"I haven't any strength, I haven't any character, I'm a born tool. I haven't any destiny. All I have is dreams. And now other people run them."
Not having much experience with Ursula K. Le Guin, "The Lathe of Heaven" was a bit of a revelation based on a perception that her work may be genre-specific and inaccessible. Le Guin's prose boasts a beautiful rhythm, and the opening lines of this book are among the most striking I've read recently.
"Current-borne, wave-flung, tugged hugely by the whole might of ocean, the jellyfish drifts in the tidal abyss."

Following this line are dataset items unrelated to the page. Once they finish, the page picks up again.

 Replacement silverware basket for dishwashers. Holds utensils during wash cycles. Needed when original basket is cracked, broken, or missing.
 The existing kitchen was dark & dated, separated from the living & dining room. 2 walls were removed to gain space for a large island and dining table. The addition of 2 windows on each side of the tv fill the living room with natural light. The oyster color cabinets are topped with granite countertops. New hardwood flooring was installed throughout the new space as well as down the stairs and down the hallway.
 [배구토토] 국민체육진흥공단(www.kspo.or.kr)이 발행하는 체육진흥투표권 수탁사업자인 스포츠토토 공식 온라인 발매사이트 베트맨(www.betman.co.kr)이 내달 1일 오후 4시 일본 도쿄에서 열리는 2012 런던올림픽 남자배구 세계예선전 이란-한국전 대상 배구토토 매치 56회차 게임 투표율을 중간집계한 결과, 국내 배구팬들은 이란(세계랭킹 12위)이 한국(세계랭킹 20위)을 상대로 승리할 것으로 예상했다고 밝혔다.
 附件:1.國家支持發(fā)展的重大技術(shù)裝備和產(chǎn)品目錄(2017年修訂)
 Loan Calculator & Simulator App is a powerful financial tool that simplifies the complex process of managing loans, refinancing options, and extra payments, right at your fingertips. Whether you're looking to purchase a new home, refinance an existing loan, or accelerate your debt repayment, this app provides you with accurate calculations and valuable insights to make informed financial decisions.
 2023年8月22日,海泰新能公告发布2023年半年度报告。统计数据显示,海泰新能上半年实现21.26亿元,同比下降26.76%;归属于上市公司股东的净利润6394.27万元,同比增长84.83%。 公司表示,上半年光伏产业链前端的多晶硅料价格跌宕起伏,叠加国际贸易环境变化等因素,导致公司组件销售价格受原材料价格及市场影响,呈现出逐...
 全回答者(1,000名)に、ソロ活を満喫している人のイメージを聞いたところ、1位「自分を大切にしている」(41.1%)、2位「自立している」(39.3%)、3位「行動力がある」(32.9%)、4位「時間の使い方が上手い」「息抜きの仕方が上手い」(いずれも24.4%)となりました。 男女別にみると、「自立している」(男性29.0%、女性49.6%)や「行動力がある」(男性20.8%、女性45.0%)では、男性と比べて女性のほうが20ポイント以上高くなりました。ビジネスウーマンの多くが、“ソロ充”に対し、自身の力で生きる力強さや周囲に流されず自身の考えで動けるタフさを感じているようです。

The author's extreme interest in science results in a startling level of specificity in certain areas, which can lend a density to parts of the tale. George Orr's ability to potentially literally change the world with his dreams does require some comprehensive descriptions of technology, however, so the work is worth it.

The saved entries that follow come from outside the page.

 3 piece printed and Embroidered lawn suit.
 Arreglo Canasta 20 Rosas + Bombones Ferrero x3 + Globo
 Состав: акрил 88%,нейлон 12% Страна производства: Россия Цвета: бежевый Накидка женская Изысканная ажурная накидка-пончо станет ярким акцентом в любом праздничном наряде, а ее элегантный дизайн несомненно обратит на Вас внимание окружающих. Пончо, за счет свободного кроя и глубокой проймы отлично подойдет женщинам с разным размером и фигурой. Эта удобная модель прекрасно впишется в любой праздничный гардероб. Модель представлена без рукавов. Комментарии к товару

"We're in the world, not against it. It doesn't work to try to stand outside things and run them that way. It just doesn't work, it goes against life. There is a way but you have to follow it. The world is, no matter how we think it ought to be. You have to be with it. You have to let it be."
"The Lathe of Heaven" is a quick read with a few subplots that I would have liked to have seen explored more, like the intensity of connection between Rachel and George and the deterioration of George's mental state.
"No good. No way out. Orr was where he had been for months -- alone: knowing he was insane and knowing he was not insane, simultaneously and intensely. It was enough to drive him insane."
Yet there is no denying that the emotion sneaks up on you. Despite being written half a century ago, this science fiction is capable of striking all the right "feels chords," and Le Guin does so here again and again -- like a dream loop that you just can't escape.
"He thought, I am living a nightmare, from which from time to time I wake in sleep."